▶ _Work order_:
The part to set down runs from the first line of the data below through the line with "Der 7-PS-GERMAN-OHV-Motor garantiert", inclusive; write it exactly and leave out the pictures.

Stored items from a collection:
/---
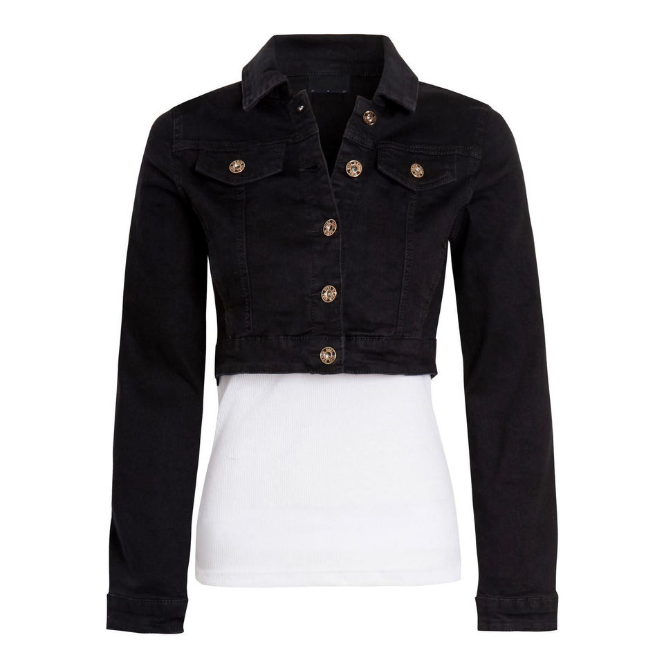 แจ็กเก็ตยีนส์ครอปสำหรับผู้หญิงเสื้อแจ็กเก็ตยีนส์ผ้าฝ้ายมีกระดุมเย็บปะต่อกันฤดูใบไม้ร่วง
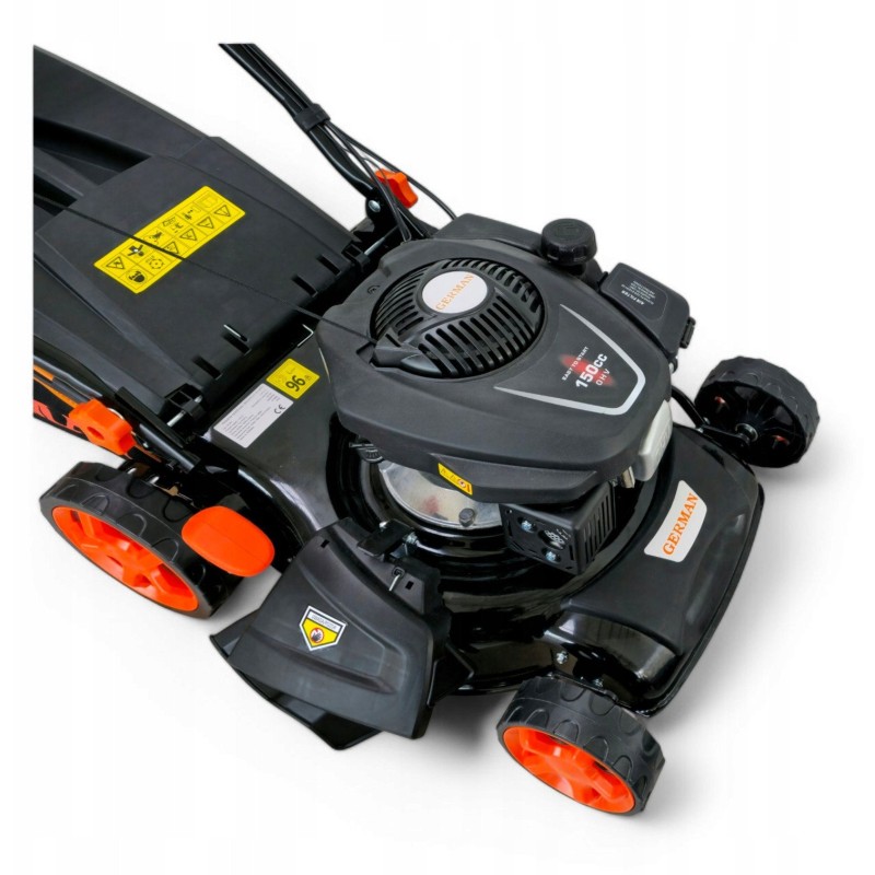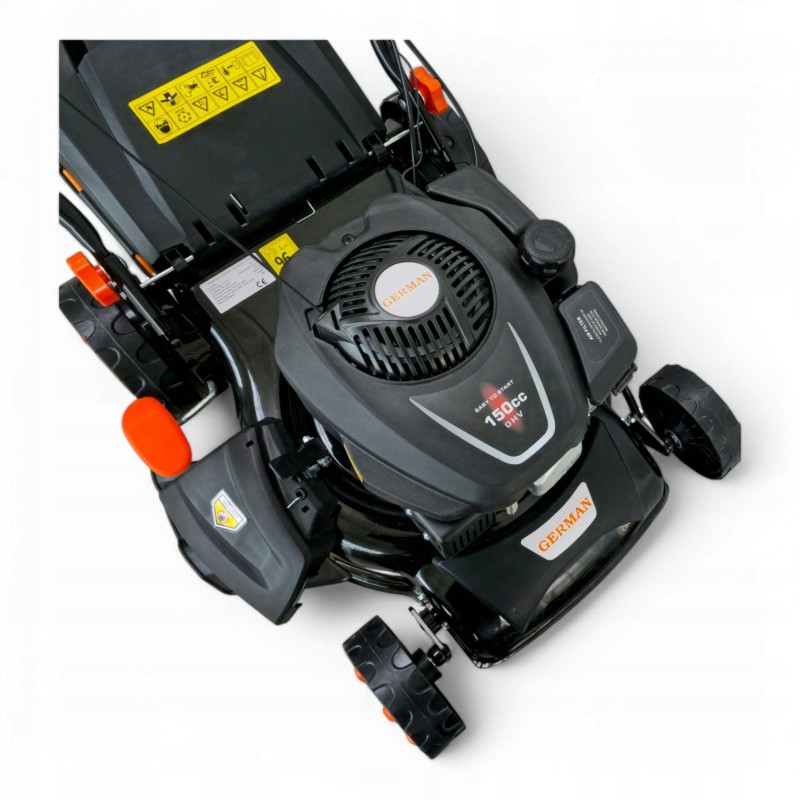 Der 7-PS-GERMAN-OHV-Motor garantiert nicht nur hohe Leistung, sondern auch Zuverlässigkeit im Betrieb. Dank eines Hubraums von 150 cm³ bewältigt der Rasenmäher selbst die schwierigsten Rasenbedingungen, was ihn zur perfekten Wahl für jeden Gärtner macht.
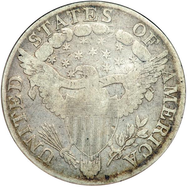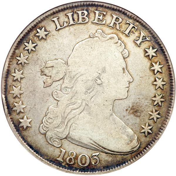 1803 B-5, BB-252 Rarity 3. ANACS graded VG-10. Evenly worn on both sides, light in color though tending toward russet-gray at the margin and around the stars and legends. Has a small rim bruise by the second and third stars (PCGS # 6900) .
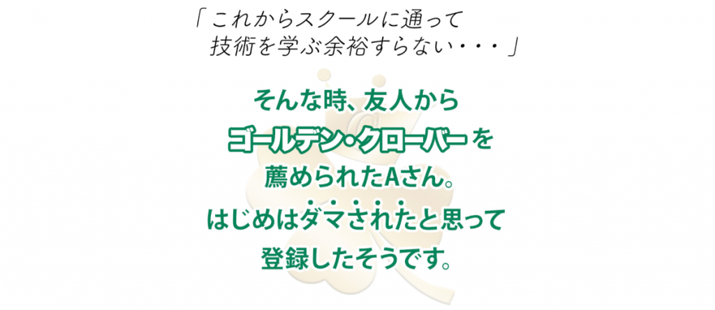 ”ゴールデン・クローバー”から紹介された案件先でユーザーがどんなトラブルに巻き込まれても登録さえさせてしまえば紹介報酬が入ってくるので詐欺まがいの案件であろうと関係なく送りつけてきます。
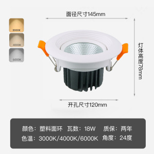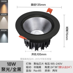 スポットライトled天井灯家庭用組み込み式洋服店穴開けダウンライト背景壁cob7 w12集光丘
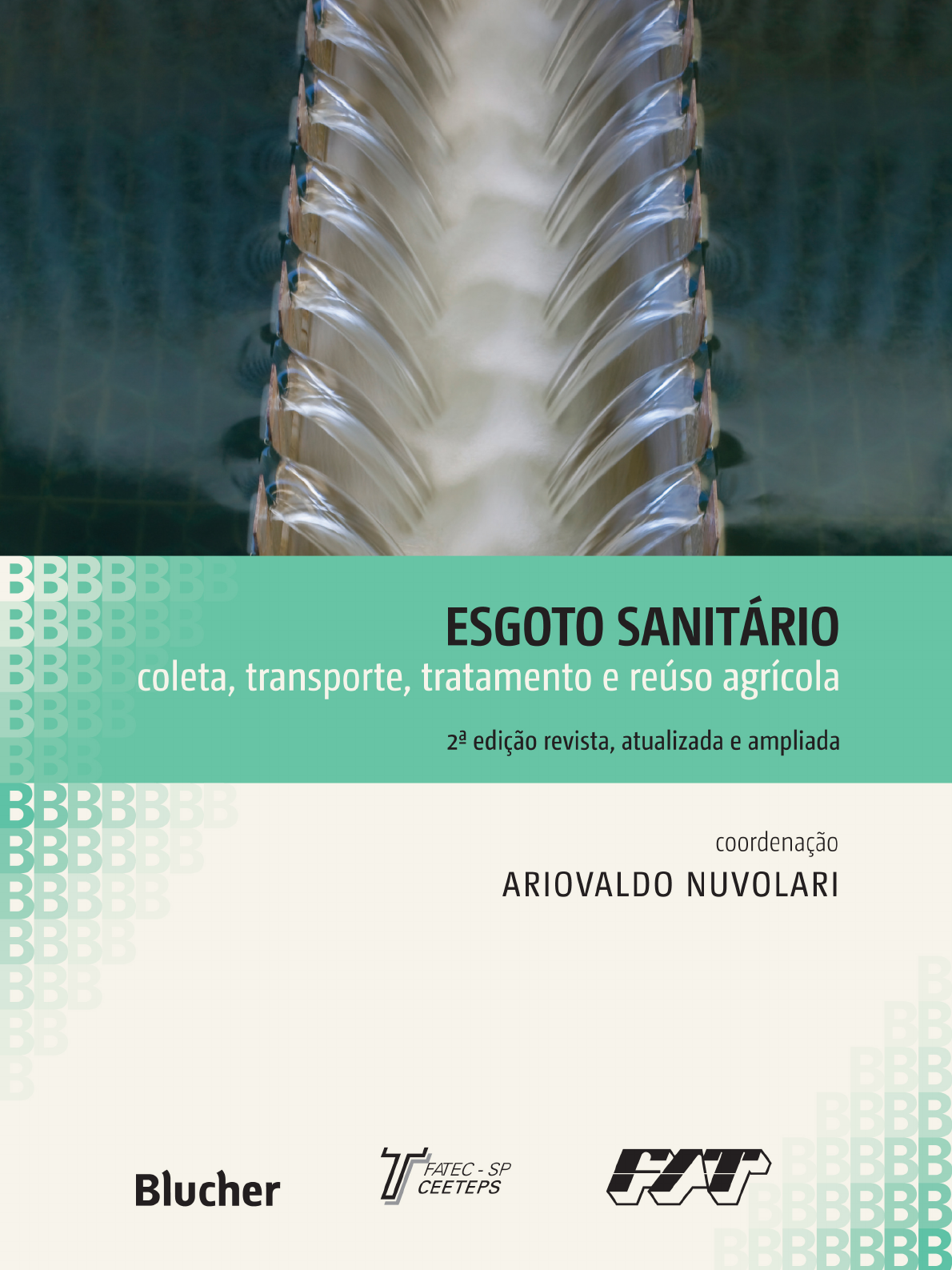 <p>1Conteúdo</p><p>ESGOTO</p><p>SANITÁRIO</p><p>COLETA</p><p>TRANSPORTE</p><p>TRATAMENTO</p><p>E REÚSO AGRÍCOLA</p><p>2 Conteúdo</p><p>3Conteúdo</p><p>ESGOTO</p><p>SANITÁRIO</p><p>COLETA</p><p>TRANSPORTE</p><p>TRATAMENTO</p><p>E REÚSO AGRÍCOLA</p><p>2.ª edição revista, atualizada e ampliada</p><p>Coordenação: ARIOVALDO NUVOLARI</p><p>Coautores: ALEXANDRE MARTINELLI</p><p>ARIOVALDO NUVOLARI</p><p>DIRCEU D’ALKMIN TELLES</p><p>JOSÉ TARCÍSIO RIBEIRO</p><p>NELSON JUNZO MIYASHITA</p><p>ROBERTA BAPTISTA RODRIGUES</p><p>ROBERTO DE ARAUJO</p><p>FATEC - SP</p><p>CEETEPS</p><p>Rua Pedroso Alvarenga, 1245, 4º andar</p><p>04531-012 – São Paulo – SP – Brasil</p><p>Tel 55 11 3078-5366</p><p>contato@blucher.com.br</p><p>www.blucher.com.br</p><p>Segundo Novo Acordo Ortográfico, conforme 5. ed.</p><p>do Vocabulário Ortográfico da Língua Portuguesa,</p><p>Academia Brasileira de Letras, março de 2009.</p><p>É proibida a reprodução total ou parcial por quaisquer</p><p>meios, sem autorização escrita da Editora.</p><p>Todos os direitos reservados pela Editora Edgard Blücher Ltda.</p><p>FICHA CATALOGRÁFICA</p><p>Esgoto sanitário: coleta, transporte, tratamento e reúso</p><p>agrícola / coordenação Ariovaldo Nuvolari – 2ª ed. rev.</p><p>atualizada e ampl. – São Paulo: Blucher, 2011.</p><p>Vários autores</p><p>Bibliografia.</p><p>ISBN 978-85-212-0568-5</p><p>1. Engenharia sanitária 2. Esgotos sanitários</p><p>I. Nuvolari, Ariovaldo.</p><p>10.11549 CDD-628.3</p><p>Índices para catálogo sistemático:</p><p>1. Esgotos sanitários: Engenharia sanitária 628.3</p><p>Esgoto Sanitário – coleta, transporte,</p><p>tratamento e reúso agrícola</p><p>© 2011 Alexandre Martinelli</p><p>Ariovaldo Nuvolari</p><p>Dirceu D’Alkmin Telles</p><p>José Tarcísio Ribeiro</p><p>Nelson Junzo Miyashita</p><p>Roberta Baptista Rodrigues</p><p>Roberto de Araujo</p><p>1ª reimpressão – 2012</p><p>Editora Edgard Blücher Ltda.</p><p>5Conteúdo</p><p>AUTORES</p><p>ALEXANDRE MARTINELLI</p><p>Biólogo (UNESP), Mestre em Biologia Celular e Molecular (UNESP), ex-</p><p>professor da graduação e professor da pós-graduação (FATEC-SP), ex-</p><p>funcionário do DAIA-SMA-SP. Atualmente atua em consultoria ambiental.</p><p>E-mail: am.martinelli@gmail.com</p><p>ARIOVALDO NUVOLARI</p><p>Tecnólogo (FATEC-SP), doutor em Saneamento (FEC-UNICAMP), pro-</p><p>fessor da graduação e da pós-graduação (FATEC-SP), com atuação em</p><p>engenharia civil em empresas mistas e privadas: THEMAG Engenharia</p><p>Ltda., Paulo Abib Engenharia S/A., SEMASA e PETROBRAS.</p><p>E-mail: nuvolari@fatecsp.br</p><p>DIRCEU D’ALKMIN TELLES</p><p>Engenheiro civil (POLI-USP), doutor em Engenharia Hidráulica (POLI-</p><p>USP), ex-professor da graduação e professor da pós-graduação (FATEC-</p><p>SP), professor convidado da pós-graduação (POLI-USP). Foi presidente</p><p>da ABID, Diretor da FATEC-SP, membro da ABNT, com maior vivência em</p><p>Recursos Hídricos no DAEE-SP, tendo prestado consultoria para diversas</p><p>empresas.</p><p>E-mail: dirceu.telles@fatgestao.org.br</p><p>JOSÉ TARCÍSIO RIBEIRO (in memorian)</p><p>Tecnólogo (FATEC-SP), mestre em saneamento (FEC-UNICAMP), foi</p><p>professor da graduação e da pós-graduação (FATEC-SP), com maior</p><p>vivência em obras de saneamento na SABESP.</p><p>NELSON JUNZO MIYASHITA</p><p>Engenheiro civil (POLI-USP) e de Segurança do Trabalho (MACKENZIE),</p><p>ex-professor (FATEC-SP), com maior vivência em gerenciamento de pro-</p><p>jetos (THEMAG Engenharia).</p><p>E-mail: nelson.junzo@gmail.com</p><p>ROBERTA BAPTISTA RODRIGUES</p><p>Tecnóloga (FATEC-SP), doutora em Recursos Hídricos (POLI-USP), di-</p><p>retora da empresa RB Recursos Hídricos.</p><p>E-mail: roberta@rbrecursoshidricos.com</p><p>ROBERTO DE ARAUJO (in memorian)</p><p>Engenheiro civil (Mackenzie), mestre em Saneamento (POLI-USP),</p><p>especialista em Saúde Pública (FSP-USP), foi professor da graduação</p><p>(FATEC-SP), membro da ABNT, com maior vivência em projetos na área</p><p>de saneamento (SABESP).</p><p>6 Conteúdo</p><p>7Conteúdo</p><p>PREFÁCIO</p><p>DA 2ª EDIÇÃO</p><p>Decorridos 7 anos da publicação da 1ª edição deste livro, os seus autores</p><p>verificaram a necessidade de atualização. Durante os trabalhos, infelizmente,</p><p>também foram detectadas algumas incorreções, devidamente corrigidas nesta</p><p>2ª edição. Aproveitou-se a oportunidade para incluir os assuntos mais recen-</p><p>tes, relacionados, principalmente, às novas técnicas de tratamento de esgoto</p><p>surgidas nos últimos anos.</p><p>As principais mudanças em relação à 1ª edição ocorreram nos seguintes</p><p>capítulos:</p><p>• Proêmio: correções, atualizações e inclusões de dados mais recentes;</p><p>• Capítulo 1: inclusão de uma tabela de conversão de unidades;</p><p>• Capítulo 5: o item 5.1 foi totalmente reescrito;</p><p>• Capítulo 7: foram feitas correções, atualizações, principalmente relacio-</p><p>nadas com a substituição da Resolução CONAMA 20/1986 pela Resolução</p><p>CONAMA 357/2005;</p><p>• Capítulo 8: foi totalmente reescrito;</p><p>• Capítulo 9: foram feitas correções, atualizações e inclusão do item 9.10</p><p>– Outras técnicas de tratamento mais recentes;</p><p>• Capítulo 11: correções e atualizações;</p><p>• Referências bibliográficas: inclusões.</p><p>Os autores agradecem à Editora Blucher pela pronta acolhida da proposta</p><p>desta 2ª edição, e a coordenação agradece o empenho dos autores na exe-</p><p>cução do trabalho.</p><p>Prof. Dr. ARIOVALDO NUVOLARI</p><p>Coordenador</p><p>8 Conteúdo</p><p>9Conteúdo</p><p>PREFÁCIO</p><p>DA 1ª EDIÇÃO</p><p>Este livro Esgoto sanitário: coleta, transporte, tratamento e reúso agrí-</p><p>cola é publicado em momento oportuno: o governo e a sociedade brasileira</p><p>estão empenhados em melhorar a qualidade de vida dos cidadãos. Tal objetivo</
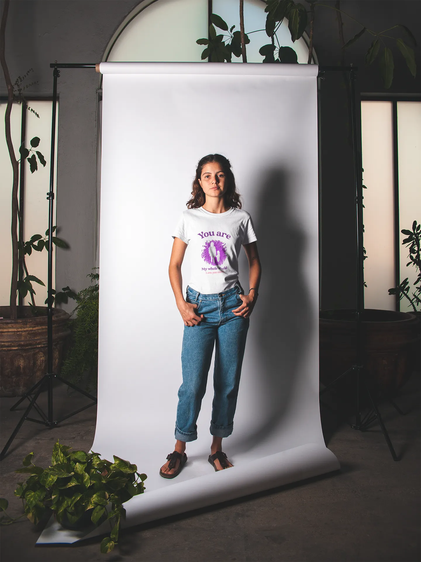 A deeply romantic and heartfelt T-shirt design featuring the phrase “You Are My Whole World” in elegant, flowing typography. Surrounded by a globe, stars, or heart motifs, it symbolizes love, devotion, and connection — perfect for expressing how much someone truly means to you.
\---
▶ _Expected answer_:
 แจ็กเก็ตยีนส์ครอปสำหรับผู้หญิงเสื้อแจ็กเก็ตยีนส์ผ้าฝ้ายมีกระดุมเย็บปะต่อกันฤดูใบไม้ร่วง
 Der 7-PS-GERMAN-OHV-Motor garantiert nicht nur hohe Leistung, sondern auch Zuverlässigkeit im Betrieb. Dank eines Hubraums von 150 cm³ bewältigt der Rasenmäher selbst die schwierigsten Rasenbedingungen, was ihn zur perfekten Wahl für jeden Gärtner macht.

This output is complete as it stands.